Show that $\displaystyle \max(a,b,c) \geq 8.$ - May 4th 2010, 11:04 PMchiph588@
$\displaystyle a+b=17-c $ and $\displaystyle ab=\frac{64}{c} \implies $ WLOG $\displaystyle a=\frac12\left(17-c+\sqrt{(17-c)^2-\frac{256}{c}}\right) $ and $\displaystyle b=\frac12\left(17-c-\sqrt{(17-c)^2-\frac{256}{c}}\right) $

Now assume $\displaystyle a,b,c < 8 $

Consider $\displaystyle f(x)=\frac12\left(17-c+\sqrt{(17-c)^2-\frac{256}{c}}\right)-8 $ on the interval $\displaystyle [1,8) $ and use calculus to find that the minimum is $\displaystyle 0 $ which implies $\displaystyle a\geq8 $ and that gives us a contradiction. - May 4th 2010, 11:17 PMArczi1984
Thanks.

I've question about last statement.

Is the function $\displaystyle f(x)$ constant? On the right side is only 'c' - positive real number (there is no 'x').

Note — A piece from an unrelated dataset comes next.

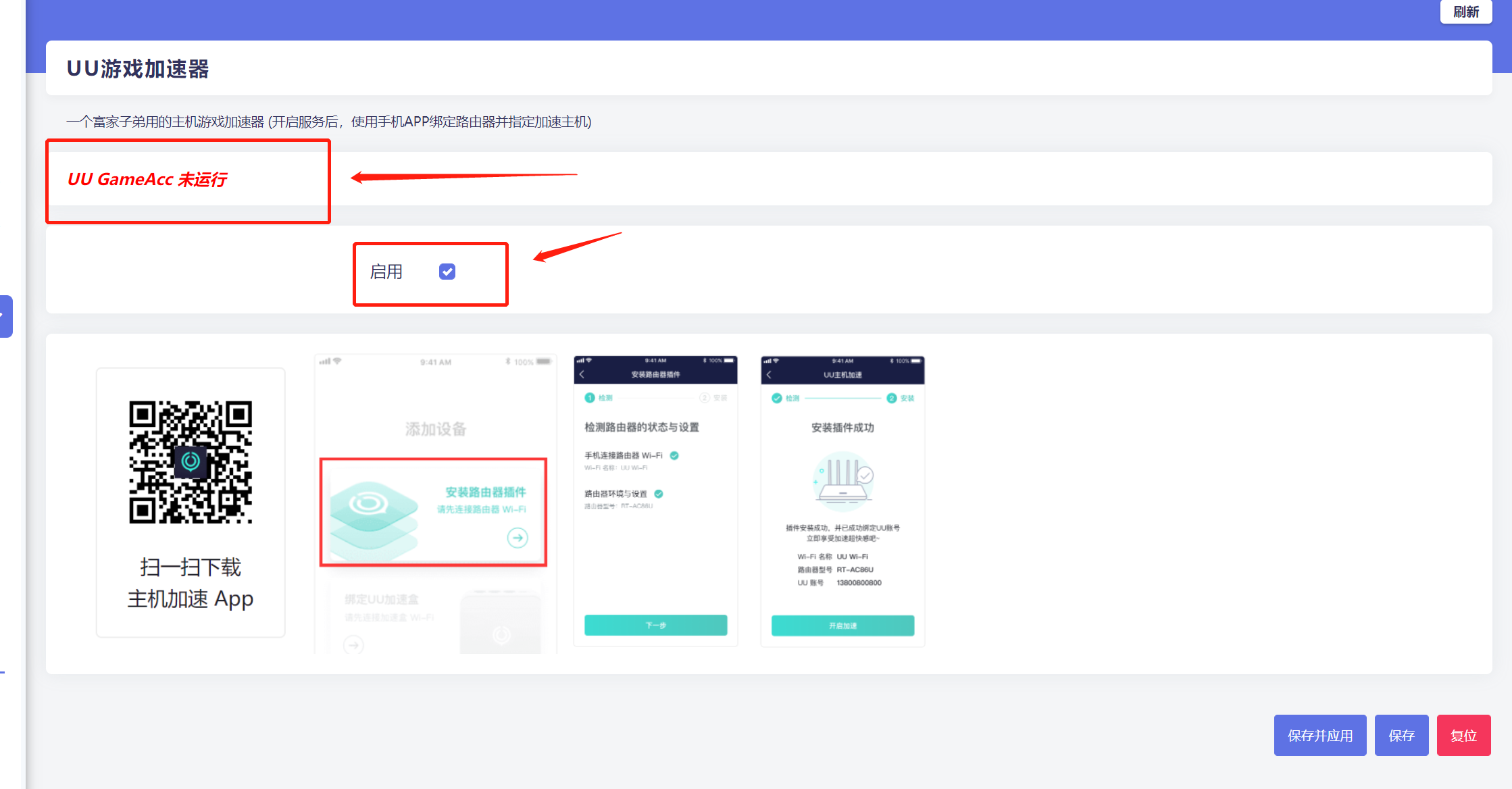 系统固件是最新版本,安装后无法运行UU游戏加速器
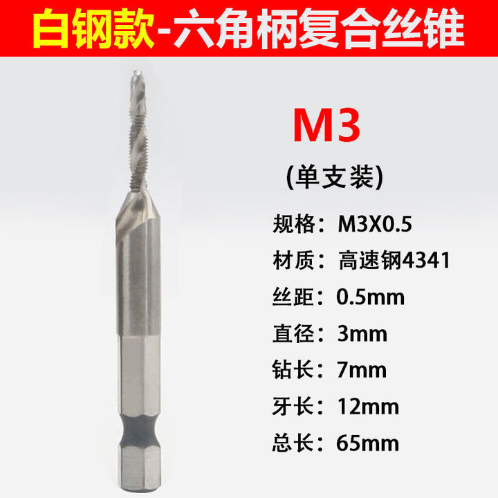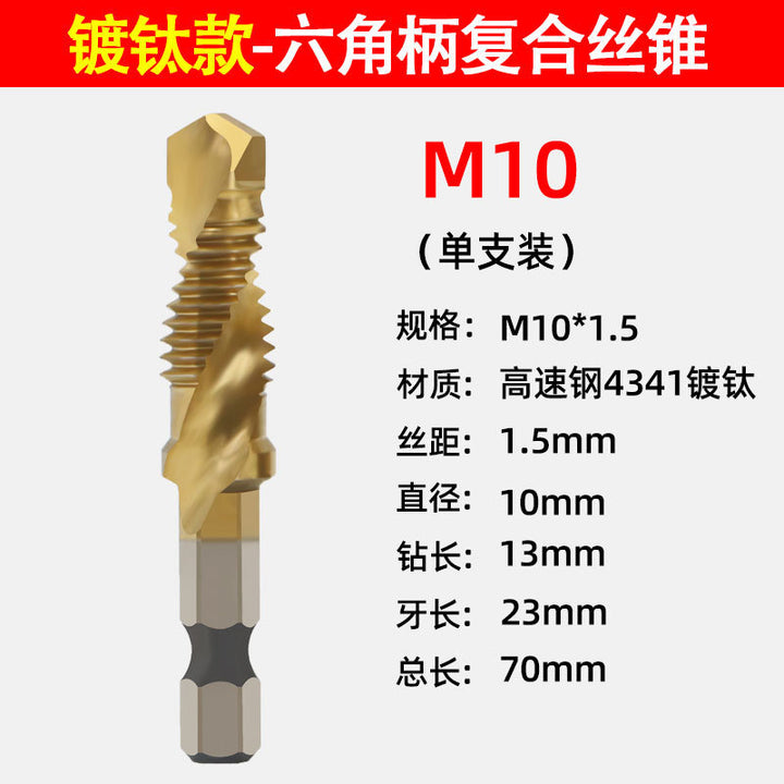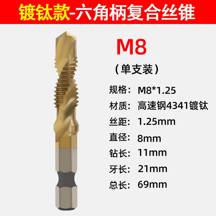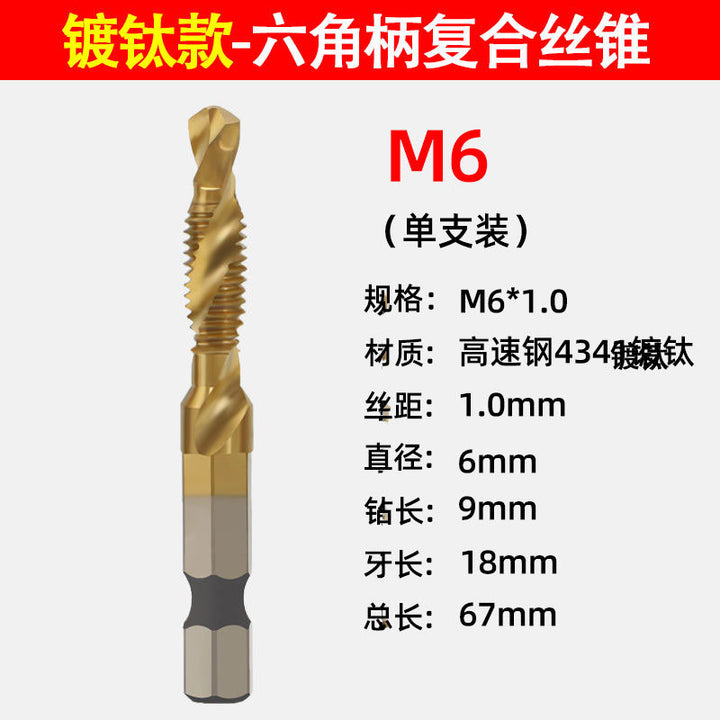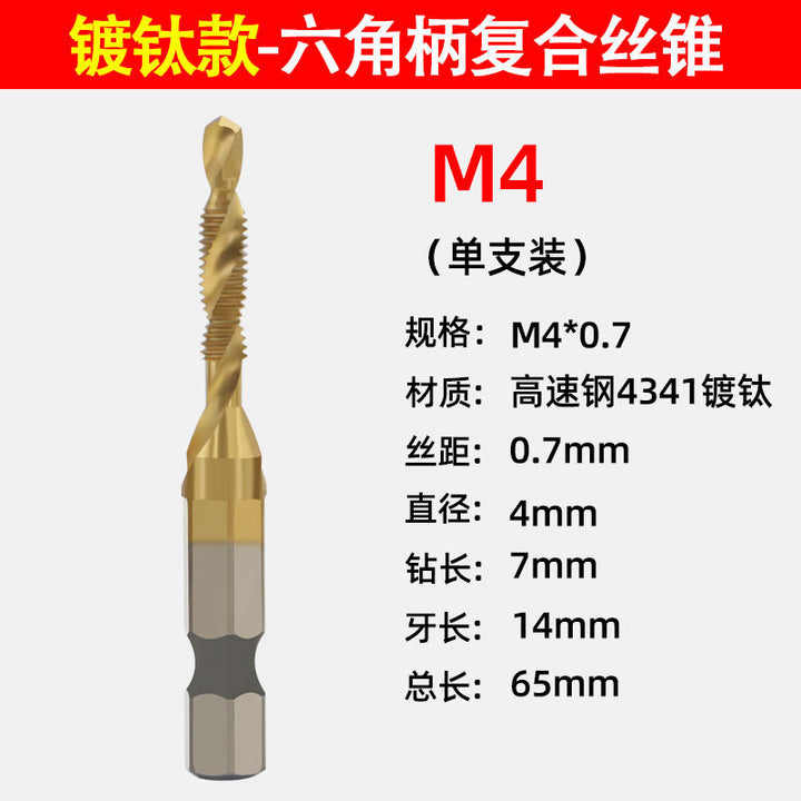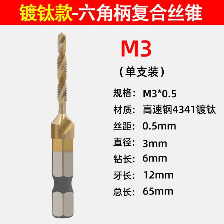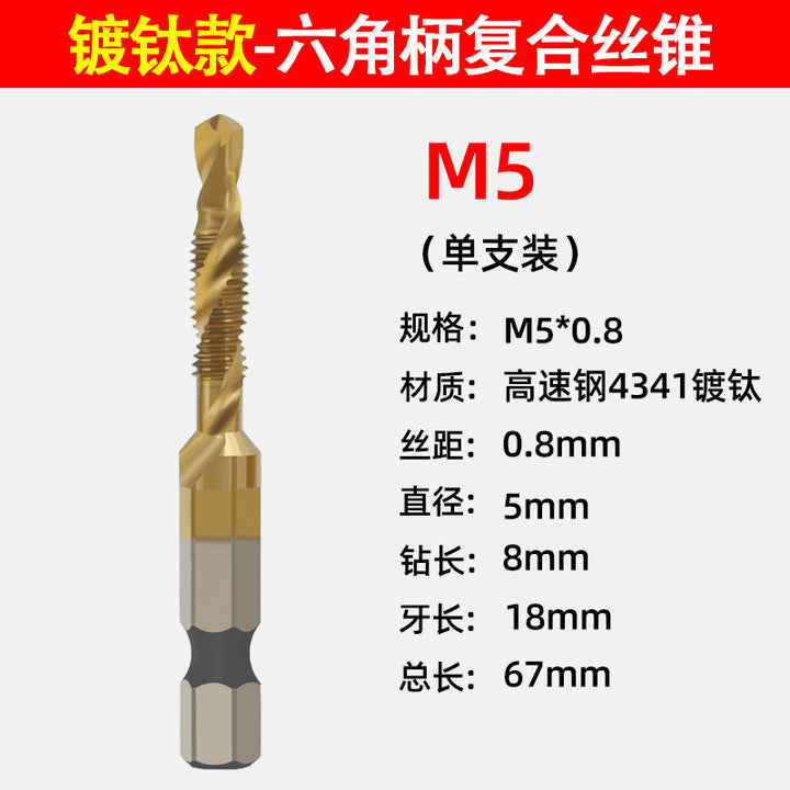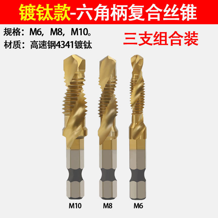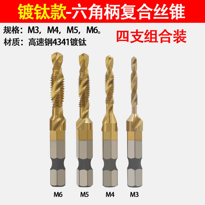Drilling and tapping machine with wire tapping, titanium-plated hexagonal handle composite tap thread opening electric drill bit tap set

And from where we know that $\displaystyle a\geq 8$? - May 5th 2010, 05:28 AMchiph588@
Whoops, it should be $\displaystyle f(x)=\frac12\left(17-x+\sqrt{(17-x)^2-\frac{256}{x}}\right)-8

$.

If the minimum of $\displaystyle f(x) $ is $\displaystyle 0 $, then that means for all $\displaystyle x\in[1,8),\;\;\frac12\left(17-x+\sqrt{(17-x)^2-\frac{256}{x}}\right)\geq8 $ which is a problem for us. - May 5th 2010, 05:31 AMArczi1984
Ok, now it is clear :) Once more thanks for help.